The bundler statically analyzes ES module imports and exports and drops anything not reachable from your entry. It needs ESM, a production build, and a correct `sideEffects` field.
Why does my lodash import not tree-shake?
You imported the CommonJS build (`lodash`) instead of the ESM build (`lodash-es`), or you used `import _ from 'lodash'` and called methods off the default export. Switch to named imports from `lodash-es`.
How do I find unused npm packages?
Run `npx depcheck`. It lists packages declared in `package.json` but never imported. Combine with `npx knip` for unused files, exports, and types.

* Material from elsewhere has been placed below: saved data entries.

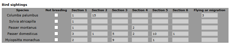 | Add observations Add further observations to this site or any other as described in wiki section Web interface > Protocols > Preparation and data > Add observations. |
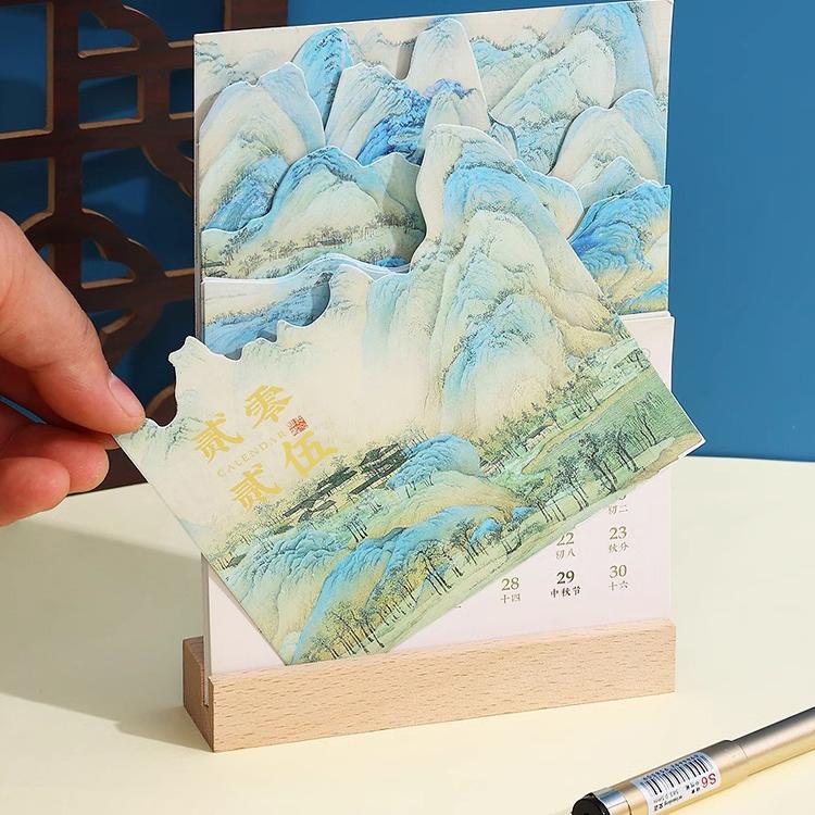 千里江山图台历2026年马年中国风古风日月历创意桌面摆件企业定制
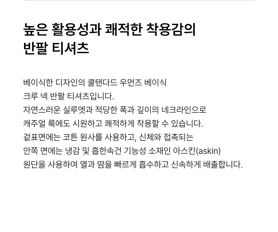 [쿨탠다드] 우먼즈 베이식 크루 넥 티셔츠 [화이트]
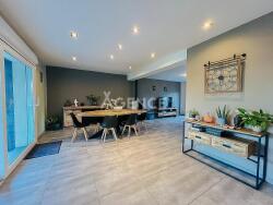 Située dans un quartier calme, cette maison de type semi plain-pied vous offre confort et modernité. On retrouve au rez-de-chaussée un hall d'entrée avec toilettes indépendant, une spacieuse et lumineuse pièce de vie avec poêle à pellet, ouvert sur une cuisine aménagée et équipée ainsi qu'une buanderie avec accès garage.
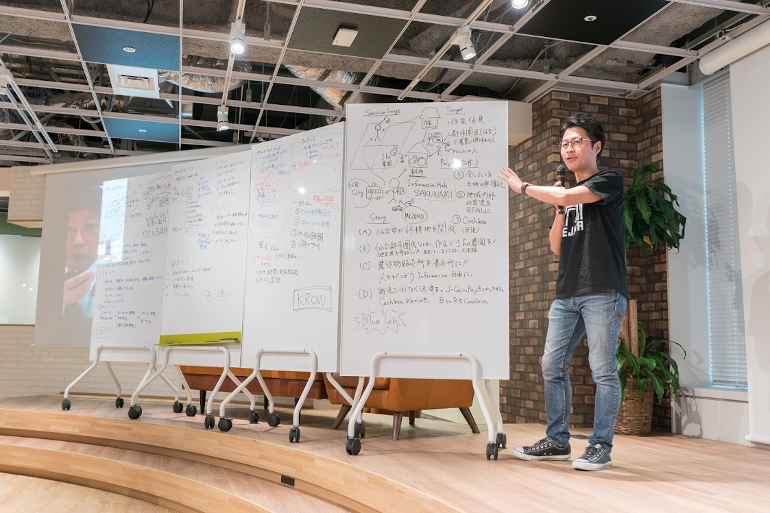 ホワイトボード上に描かれたプラン。いよいよ、仙台市さまへの発表です。

What is the Coverage tab measuring?
Bytes downloaded versus bytes that the JavaScript engine has actually executed. Code can be parsed and still unused; the tab counts execution.
Should I replace moment.js if it works?
Yes if you ship to mobile users or care about LCP. Moment is ~70 KB gzipped and not tree-shakable. date-fns and dayjs cut that by 60+ KB with a one-day migration.
Does code-splitting hurt SEO?
No. Googlebot renders JavaScript and follows dynamic imports. Just make sure critical content is server-rendered or in the initial chunk.
Can I just delete a dependency I think is unused?
Run `depcheck` and `knip` first, then remove and run the full test suite plus a smoke test on a staging build. Some dependencies are loaded by string at runtime and static analysis misses them.
Does this affect AI search engines like ChatGPT and Perplexity?
Indirectly, yes. Heavy unused JavaScript inflates LCP and TBT — both feed Core Web Vitals, which Google uses as ranking signals. AI search engines (ChatGPT, Perplexity, Google AI Overviews) preferentially cite well-ranked, fast-loading pages, so trimming unused JS lifts your odds of being chosen as a citation. Slow JS bundles can also push content past AI crawler render budgets, leaving important content unindexed.
Conclusion
Unused JavaScript is one of the highest-leverage performance wins available. Use the Chrome Coverage tab to see what executes, run a Greadme deep scanto surface every page's `unused-javascript` byte savings, switch to per-function ESM imports so tree-shaking works, code-split heavy routes with dynamic imports, swap moment for date-fns and lodash for lodash-es, and run `depcheck` plus `knip` to catch dependencies and files that no longer earn their keep.